Most of the funding provided by Honda will go toward development of that vehicle, with some contribution to develop new market opportunities at Cruise. The partnership will allow GM and Honda to deploy autonomous vehicles across the world, leveraging the geographic footprints of both automakers, GM President Dan Ammann said.
The project with Honda is separate from GM's launch of a driverless ride-service next year, and is focused on building what Ammann called "the next evolution in the future of transportation."
GM already is building test versions of its driverless Cruise AV, based on the Chevrolet Bolt EV, at its Orion Assembly Plant. The roof modules for the vehicles are built at GM's Brownstown Battery Assembly Plant.
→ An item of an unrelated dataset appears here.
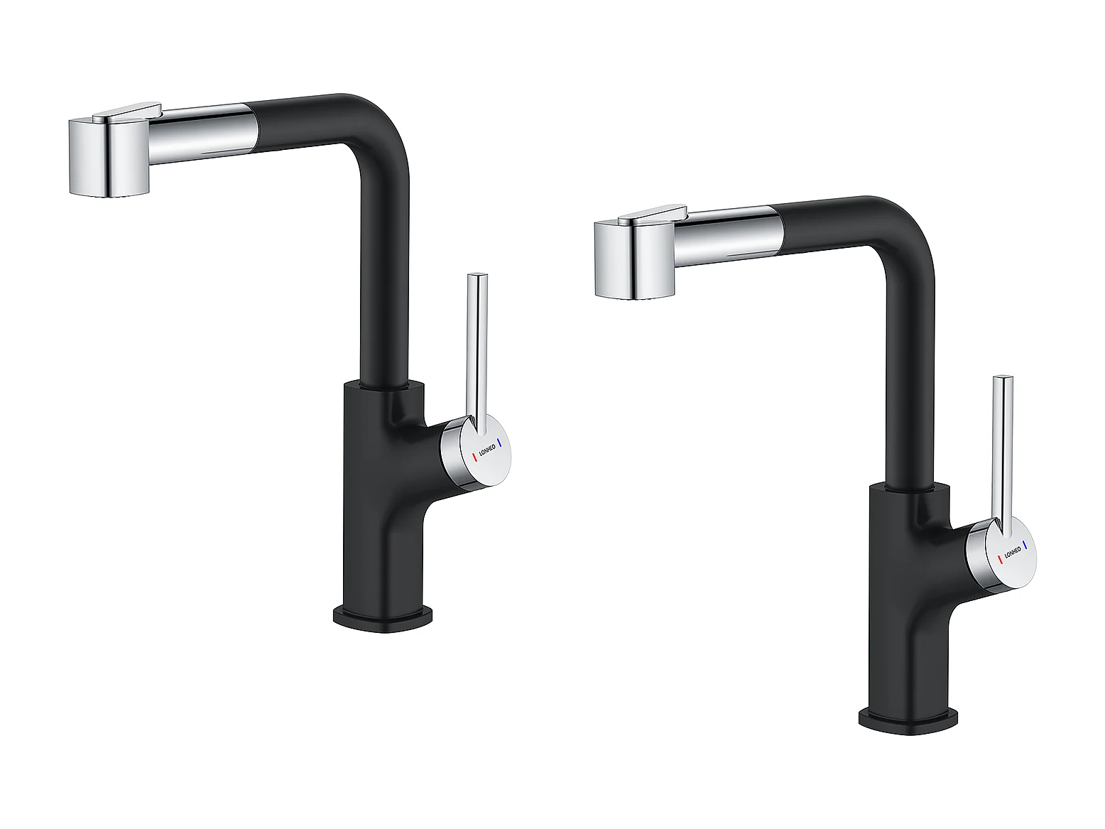 Lonheo Max Robinet de Cuisine Noir avec 40 CM Douchette Extractible Mitigeur Cuisine à 2 Jets Eau Froide/Chaude Mélangeur de Evier Cuisine,EU Modèle

GM plans to build its production version of the Cruise AV, without a steering wheel or control pedals, at the two plants next year.
"One of the things that is underappreciated in this industry is going from a prototype vehicle that is covered in sensors and computers to one that can be produced on an assembly line," Cruise CEO Kyle Vogt told The Detroit News. "It is no easy task, especially if you want to do that in volume."
But with Honda at the table, that process is expected to move a little faster: "We will be able to take all the things we've learned from (working with GM) and apply them to the vehicle we're building together with Honda," Vogt said. "It shortens the timeline to go from the initial vehicle to a really great one like the one we're envisioning."
The two automakers are aiming to build a driverless car from the ground up, designed from the start to ferry people and things without the need for a driver. GM engineers will work on the base architecture of the autonomous vehicle, with Honda engineers and the Cruise team joining in for its overall development, including testing to ensure safety.
That vehicle might include a tricked-out interior with a TV, mini bar and lay-flat seats, as Vogt wrote in a Wednesday blog post, but it will also likely be engineered to practically operate in Cruise's network.
Vogt told The News that Honda's "talents in building space-efficient vehicles" fit well into GM's ultimate goal of a world without congestion, fossil-fuel emissions or crashes. The two automakers also have complementary global footprints, with Honda offering GM a gateway into the Japanese market.
"If you think about … the geographic reach of Honda and how it overlaps - or doesn't overlap - with the geographic reach of General Motors, that will perhaps give you a perspective on some of the things we might be thinking about," Ammann told investors on a conference call.
Honda's total $2.75 billion investment comes after Japanese investment-firm SoftBank Investment Advisers invested $2.25 billion in Cruise earlier this year, bringing the valuation of GM's autonomous vehicle unit to $14.6 billion.
GM plans to launch its driverless fleet of its Bolt-based Cruise AVs in a yet-to-be-named city in 2019. The Detroit automaker submitted earlier this year its federal safety proposal to put a driverless vehicle with no steering wheel, gas pedal or brake pedal on public roads. GM's efforts to deploy autonomous vehicles accelerated after its acquisition of Cruise Automation in 2016, earning the Detroit automaker credibility with industry observers and investors.
Ammann said GM's 2019 driverless-fleet launch is still "the target," but did not offer updates on the timetable.
"We are moving as fast as we can to deploy this technology," he said. "Adding the resources is only going to move us further and faster."